Find the area of the region under the graph of the function f on the interval [0, 9]. f(x) = 9x - x²

Solution:

Given, the function is f(x) = 9x - x²

We have to find the area of the region under the graph of the function f on the interval [0, 9].

Area = \(\int_{a}^{b}f(x)\, dx\)

So, area = \(\int_{0}^{9}(9x-x^{2})\, dx\)

= \([\frac{9}{2}x^{2}-\frac{x^{3}}{3}]_{0}^{9}\)
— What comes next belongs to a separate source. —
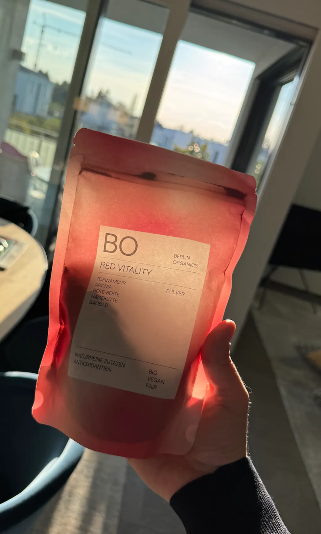 Mit dem RED VITALITY Superfood-Pulver von BO Berlin Organics wird gesunde Ernährung selbst in stressigen Zeiten einfach. Schon zwei Teelöffel täglich – ob im Smoothie, Joghurt, Müsli oder Getränk – reichen aus, um die belebende Kraft der Natur zu spüren.

=\([\frac{9}{2}(9)^{2}-\frac{(9)^{3}}{3}]-[\frac{9}{2}(0)^{2}-\frac{(0)^{3}}{3}]\\=[\frac{9}{2}(81)-\frac{729}{3}-0]\\=[\frac{729}{2}-\frac{729}{3}]\\=[\frac{729(3-2)}{6}]\\=[\frac{729(1)}{6}]\\=\frac{729}{6}\)

=\(\frac{243}{2}\) square units.

Therefore, the area of the region is \(\frac{243}{2}\) square units.

Find the area of the region under the graph of the function f on the interval [0, 9]. f(x) = 9x - x²

Summary:

The area of the region under the graph of the function f on the interval [0, 9]. f(x) = 9x - x² is \(\frac{243}{2}\) square units.